### Aim of the exercise:
Output only the lines that run from the line holding "A fiery combo" to the end of the data below, including both ends, without any pictures.

### Information shown:
== Segment start ==
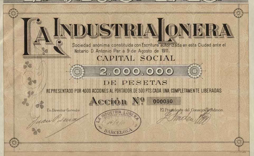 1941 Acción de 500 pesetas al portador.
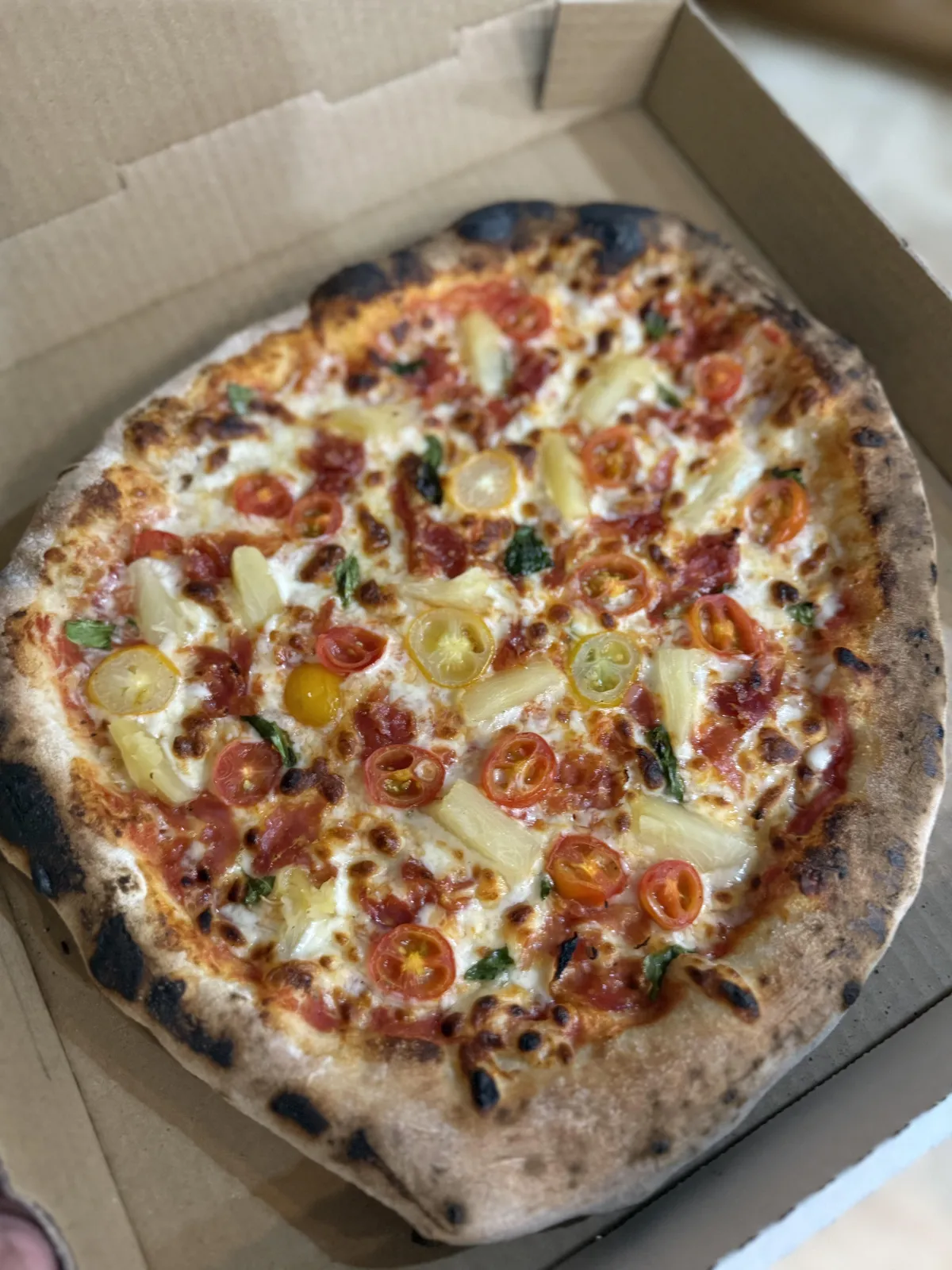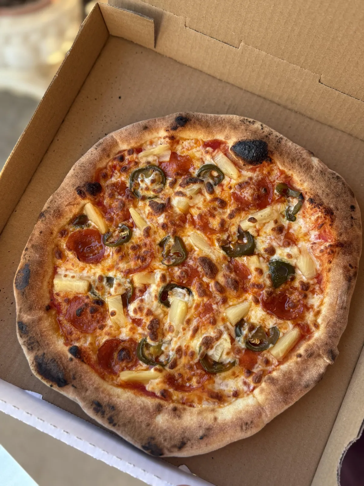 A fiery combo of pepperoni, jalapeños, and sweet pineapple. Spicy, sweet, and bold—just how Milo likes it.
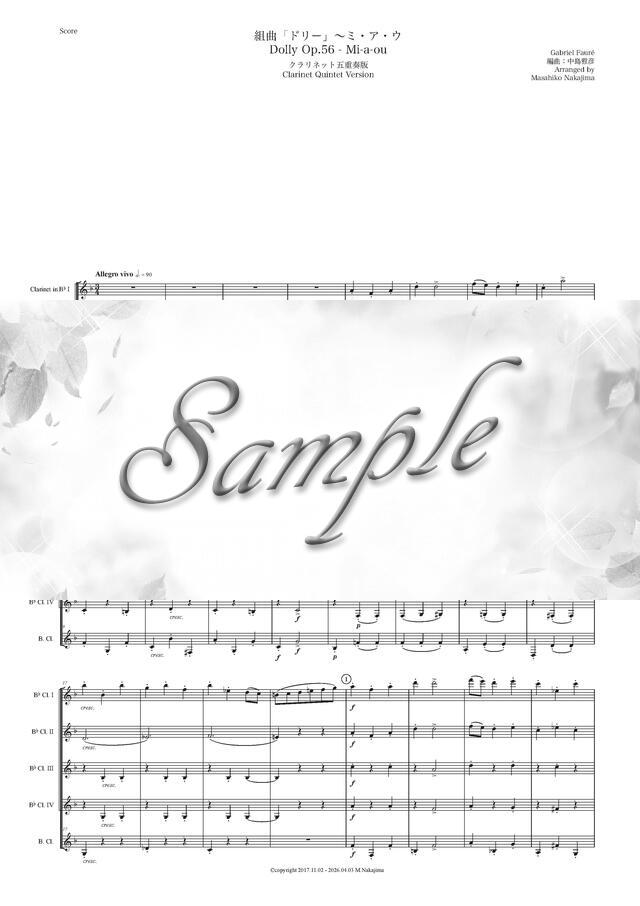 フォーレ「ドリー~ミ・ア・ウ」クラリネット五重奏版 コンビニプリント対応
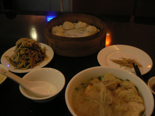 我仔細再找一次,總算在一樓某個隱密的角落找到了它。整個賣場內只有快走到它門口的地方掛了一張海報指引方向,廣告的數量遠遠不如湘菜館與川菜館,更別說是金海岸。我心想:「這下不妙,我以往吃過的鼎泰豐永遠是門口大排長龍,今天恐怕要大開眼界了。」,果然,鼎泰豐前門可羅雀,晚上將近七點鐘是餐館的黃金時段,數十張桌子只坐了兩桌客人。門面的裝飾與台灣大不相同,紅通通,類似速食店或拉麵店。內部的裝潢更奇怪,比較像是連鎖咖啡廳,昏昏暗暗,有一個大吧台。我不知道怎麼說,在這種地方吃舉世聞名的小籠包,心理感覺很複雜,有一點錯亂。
== Segment end ==
### Reply to the exercise:
 A fiery combo of pepperoni, jalapeños, and sweet pineapple. Spicy, sweet, and bold—just how Milo likes it.
 フォーレ「ドリー~ミ・ア・ウ」クラリネット五重奏版 コンビニプリント対応
 我仔細再找一次,總算在一樓某個隱密的角落找到了它。整個賣場內只有快走到它門口的地方掛了一張海報指引方向,廣告的數量遠遠不如湘菜館與川菜館,更別說是金海岸。我心想:「這下不妙,我以往吃過的鼎泰豐永遠是門口大排長龍,今天恐怕要大開眼界了。」,果然,鼎泰豐前門可羅雀,晚上將近七點鐘是餐館的黃金時段,數十張桌子只坐了兩桌客人。門面的裝飾與台灣大不相同,紅通通,類似速食店或拉麵店。內部的裝潢更奇怪,比較像是連鎖咖啡廳,昏昏暗暗,有一個大吧台。我不知道怎麼說,在這種地方吃舉世聞名的小籠包,心理感覺很複雜,有一點錯亂。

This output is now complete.